Change Places with Me(22)
“She doesn’t have feelings.”
“Clara! That’s not my girl!”
“Read,” Clara would say, as she did every night, asking to hear the Brothers Grimm fairy tale “Little Snow-white”—that was its proper title, with the word “Little” and a hyphen between “Snow” and “white.” Of course, Clara, at eight, could read it herself, but this was something she and her dad had always done, way before he met someone and married again. When he read, Clara always held tight to the elephant that had been her mother’s favorite childhood toy, loved so hard its fur was gone. If her room ever caught fire, this was the prized possession Clara would rescue.

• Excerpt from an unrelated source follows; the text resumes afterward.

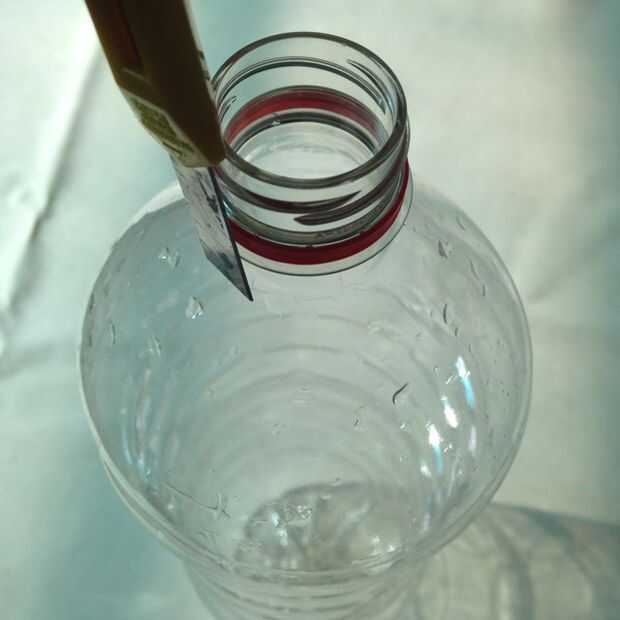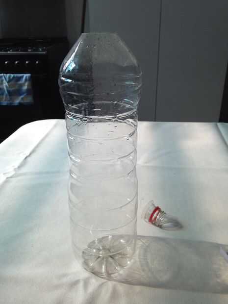 Cortar la parte superior de la botella de la botella grande, para que la parte superior de la botella pequeña cabe en.

These were the best times, hearing the story at night, no matter what might’ve gone wrong during the day. On that particular brisk September afternoon, her dad had taken her to the zoo. But Clara found animals so alien—they couldn’t talk, so how did you know what they were thinking?—especially the nocturnal creatures at the back of the House of Primates, in an exhibit dark as night. Ugly bats hung upside down and a weird thing called a slow loris had eyes as big as saucers. A woman who fed purple grapes to shrieking monkeys told Clara what “nocturnal” meant, though Clara hadn’t asked.
“Phil, she’s got to get some sleep. She’s got school tomorrow,” her stepmother said, standing now in Clara’s doorway, arms folded, a stern expression on her face, dark-blue eyes focused like a laser on the scene before her. She wore one of those dumb kimonos she always had on at home, black and white, tied at the waist, and she had that long hair, thick as vines. What had her stepmother been doing, before trying to ruin story time for Clara? Probably reading a book so thick the title fit across the spine instead of down it, or watching an old black-and-white movie. Clara didn’t understand that. Movies were supposed to be in color. Life was in color, wasn’t it? Clara didn’t understand anything about her stepmother.
“Read,” Clara said again.
“Phil, she’s had such a long day at the zoo.”
“Clara didn’t like it,” her dad said. “Just like you.”
No, it wasn’t at all the same, Clara was sure, even if they both happened to feel the same way about something.
“I’m not a fan of zoos, it’s true,” her stepmother said, unfolding her arms. “I know they’re all ecological and environmental and animal conscious and all that. Still, I don’t like to see animals in cages. Humane cages, but cages.”
Which meant her reason wasn’t the same after all.
“Time to call it a night,” her stepmother urged him, still in the doorway, tugging on a gold necklace with a heart-shaped pendant, a gift from Clara’s dad. The stepmother wore no other jewelry except for a thin, delicate wedding band. They’d gotten married just that spring, and by a clerk at city hall. The ceremony, her dad had told her, took all of five minutes. “She likes things quiet,” her dad had said. “No big shindig for her.” Clara had never known her mom, who died so long ago, but there were pictures, including a large one in the living room, where she was laughing. Her dad said of her, “She was so much fun.” The stepmother wasn’t.
“Daddy, don’t stop reading,” Clara pleaded. “The Queen killed Snow-white after she failed three times.” Clara kept careful count. First the Queen ordered the huntsman to kill Snow-white, but he took pity on her and wouldn’t do it. Then the Queen disguised herself as an old woman selling lace, and tied Snow-white up tightly in a lace bodice, but Snow-white was with the seven dwarves by then, and they unlaced her. Then the Queen disguised herself again and created a poison comb that she put in Snow-white’s hair; again the dwarves saved her, removing the comb. Finally, again in disguise, the Queen tempted Snow-white into eating a poisoned apple. The dwarves were at a loss and pronounced her dead.
“But she’s not dead, not really,” Clara’s dad said. “She’s in a kind of trance.”
“Can she see?”
“Her eyes are closed.”
“If she opens her eyes?”
“She’s in a glass coffin. Things would look far away, blurred.”
“Like clouds?”
“Something like that.”
“Can she hear?”
“Sounds would be muffled, too.”
“Like when you’re under water? In the tub I can stick my whole head under and hold my breath.”
“She asks these questions so she doesn’t have to go to sleep,” her stepmother broke in, still in the doorway, no closer. Sometimes Clara thought there was an invisible barrier there, keeping her out. Which was good.
“She’s always been full of questions,” her dad said, sounding proud.
“Stubborn,” her stepmother said.
“Strong willed.”
“How does it end?” Clara asked, of course knowing exactly how it ended.
But it was her stepmother who said, “Snow-white’s in the glass coffin a long, long time. A prince falls in love with her on sight and takes her back to his castle, and on the bumpy ride home the piece of apple in her throat comes unstuck and she wakes up and they get married. Strange ending, though. At the wedding, the Queen is forced to put on iron slippers that have been heated by fire, and dance until she dies. Whose idea was that? Snow-white’s?”